As you consider recovery-era risk disclosures, please keep in mind some basic best practices:
- Risk factors should be company-specific, in addition to any generalized conditions applicable more broadly;
- Once the company is aware of an uncertainty that could materially impact results, it should consider disclosure, even if the specific impact remains unknown or even unknowable;
- If the effect of the recovery period cannot be predicted, as will often be the case, it may be appropriate to consider identifying the pandemic period pattern and note that its evolution will be uncertain during recovery;
- If the company has considered various scenarios and believes that the recovery period may affect business patterns seen during the pandemic, it may consider disclosing, without limitation, those specific anticipated effects;
- Risk disclosures should also be prepared with their future use as cautionary statements in mind, so they should take into account the potential forward-looking statements the company might make during the recovery period.

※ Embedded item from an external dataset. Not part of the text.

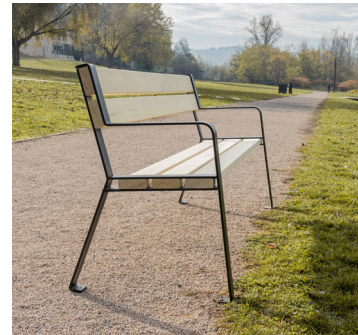
Le Forézien par TF URBAN Fibois Auvergne-Rhône-Alpes

If you’ve read this far, you probably work for a company that has been impacted during one of the most challenging periods in contemporary history. The road to recovery will also be bumpy and fraught with risks. Now is the time to think about those risks and help investors understand how they may affect your company.
 Risk disclosures are required under Item 105 of Regulation S-K. 17 C.F.R. § 229.105. They should include “a discussion of the material factors that make an investment in the registrant or offering speculative or risky.” 17 C.F.R. § 229.105(a).
 Risk disclosures should also be considered in light of “known trends or uncertainties” that the company “reasonably expects will have a material favorable or unfavorable impact on net sales or revenues or income.” 17 C.F.R. § 229.303(a)(3)(ii). Item 303 of Regulation S-K also requires disclosure of “any unusual or infrequent events or transactions or any significant economic changes that materially affected the amount of reported income from continuing operations and, in each case, indicate the extent to which income was so affected.” 17 C.F.R. § 229.303(a)(3)(i).
 Specific, thoughtful risk factors can establish the applicability of the safe harbor for forward looking statements, which requires that such statements to be “accompanied by meaningful cautionary statements identifying important factors that could cause actual results to differ materially from those in the forward-looking statement.” 15 U.S.C. § 78u–5(c)(1)(A)(i).